Residual Learning and Filtering Networks for End-to-End Lossless Video Compression
Md baharul Islam, Afsana Ahsan Jeny
TL;DR
The paper tackles the challenge of achieving high-quality end-to-end video compression by addressing inaccurate motion estimation and compensation in traditional pipelines. It introduces an integrated architecture that combines motion estimation, motion-vector and residual compression with filtering networks, deep nonlinear transforms (including PReLU), and an online frame-buffer to refine references. Key contributions include a residual skip-connected MV compression network, MVF and RF modules to suppress artifacts, and a unified rate–distortion loss with a hyperprior entropy model for accurate bitrate estimation.
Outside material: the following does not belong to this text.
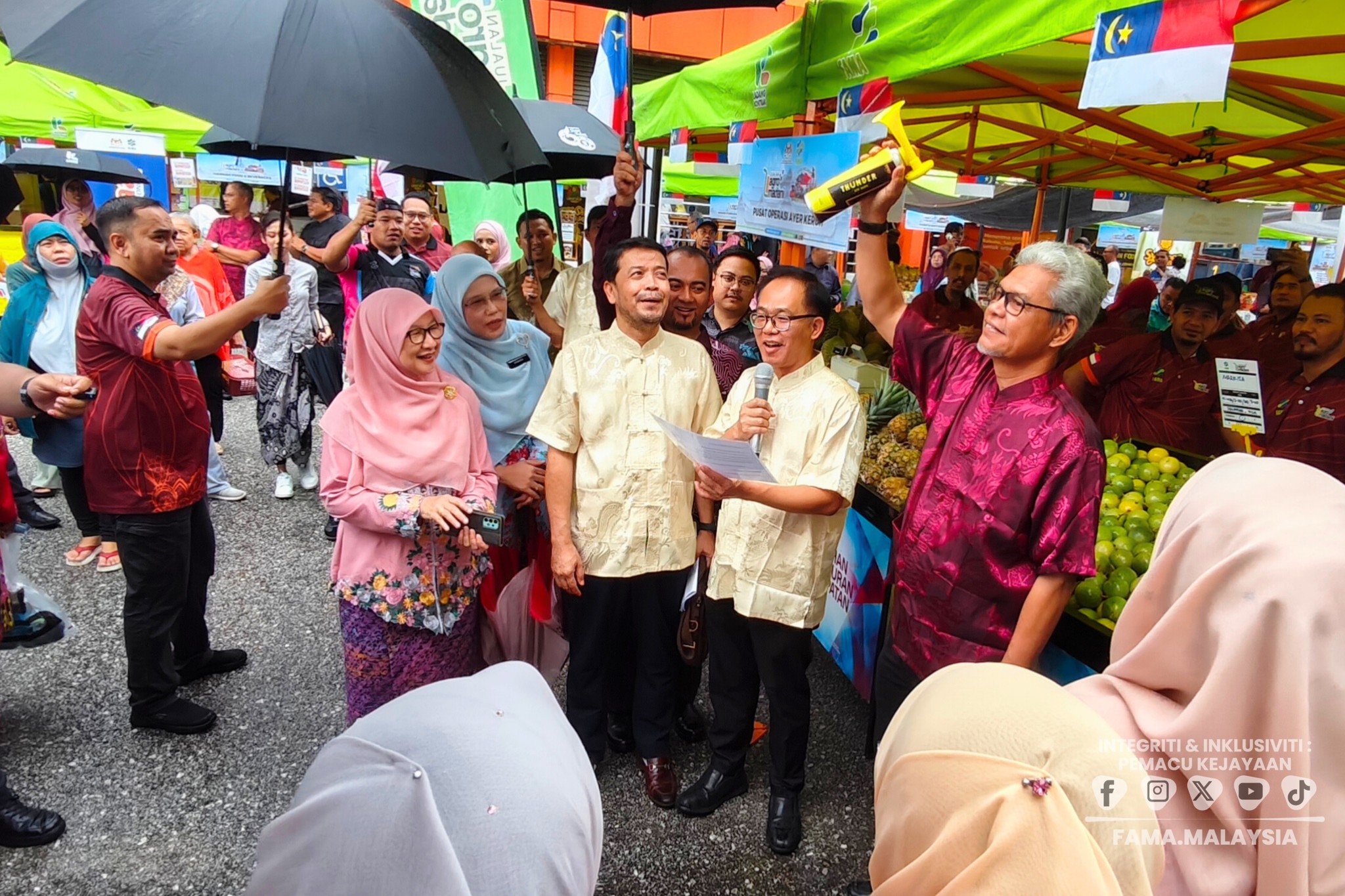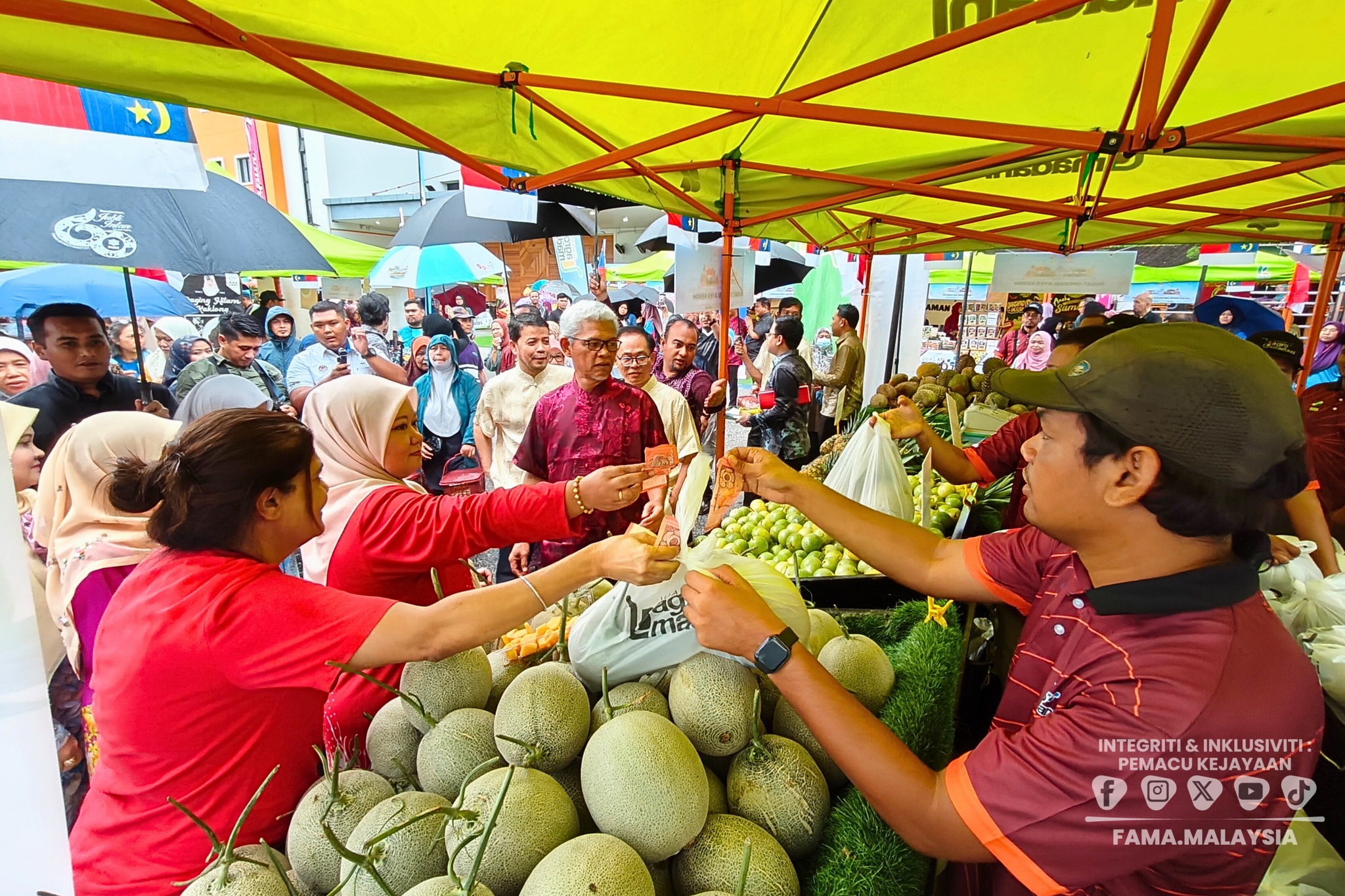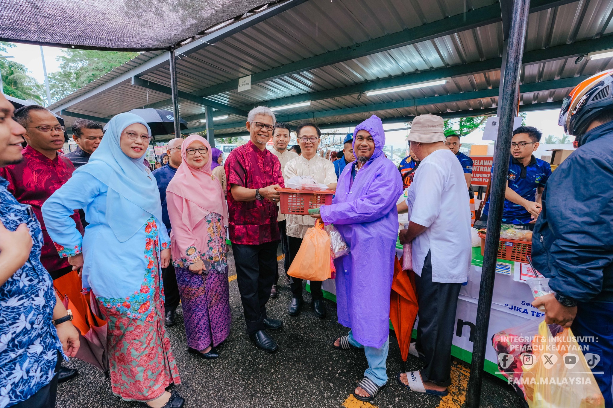 Majlis perasmian telah disempurnakan oleh YB Tuan Low Chee Leong, Timbalan Exco Kemajuan Desa, Pertanian dan Keterjaminan Makanan Negeri Melaka. Turut hadir YBrs. Tuan Haji Aminuddin bin Zulkipli, Pengerusi FAMA serta YBrs. Encik Faisal Iswardi bin Ismail, Timbalan Ketua Pengarah (Sekuriti Makanan & Operasi) FAMA, YBrs. Encik Shahrizan bin Sudiman, Timbalan Ketua Pengarah (Khidmat Pengurusan) FAMA & YBrs. Puan Suraya binti Mohd Yusof, Timbalan Ketua Pengarah (Pembangunan Industri Agromakanan) FAMA. Program turut dimeriahkan dengan tarian selamat datang, bacaan doa, gimik perasmian serta lawatan ke lot jualan usahawan, sekali gus memperlihatkan sokongan berterusan kepimpinan terhadap agenda pemasaran hasil agromakanan tempatan.

Across multiple datasets (HEVC sequences B/C/D, UVG, MCL-JCV, VTL), the method delivers competitive MS-SSIM and PSNR with substantial BDBR-based bitrate savings, demonstrating practical improvements in visual quality at reduced bitrates. The work highlights the potential of end-to-end optimization for video coding and points to future enhancements via a dedicated entropy model to further boost efficiency.
Abstract
Existing learning-based video compression methods still face challenges related to inaccurate motion estimates and inadequate motion compensation structures. These issues result in compression errors and a suboptimal rate-distortion trade-off. To address these challenges, this work presents an end-to-end video compression method that incorporates several key operations. Specifically, we propose an autoencoder-type network with a residual skip connection to efficiently compress motion information. Additionally, we design motion vector and residual frame filtering networks to mitigate compression errors in the video compression system. To improve the effectiveness of the motion compensation network, we utilize powerful nonlinear transforms, such as the Parametric Rectified Linear Unit (PReLU), to delve deeper into the motion compensation architecture. Furthermore, a buffer is introduced to fine-tune the previous reference frames, thereby enhancing the reconstructed frame quality. These modules are combined with a carefully designed loss function that assesses the trade-off and enhances the overall video quality of the decoded output. Experimental results showcase the competitive performance of our method on various datasets, including HEVC (sequences B, C, and D), UVG, VTL, and MCL-JCV. The proposed approach tackles the challenges of accurate motion estimation and motion compensation in video compression, and the results highlight its competitive performance compared to existing methods.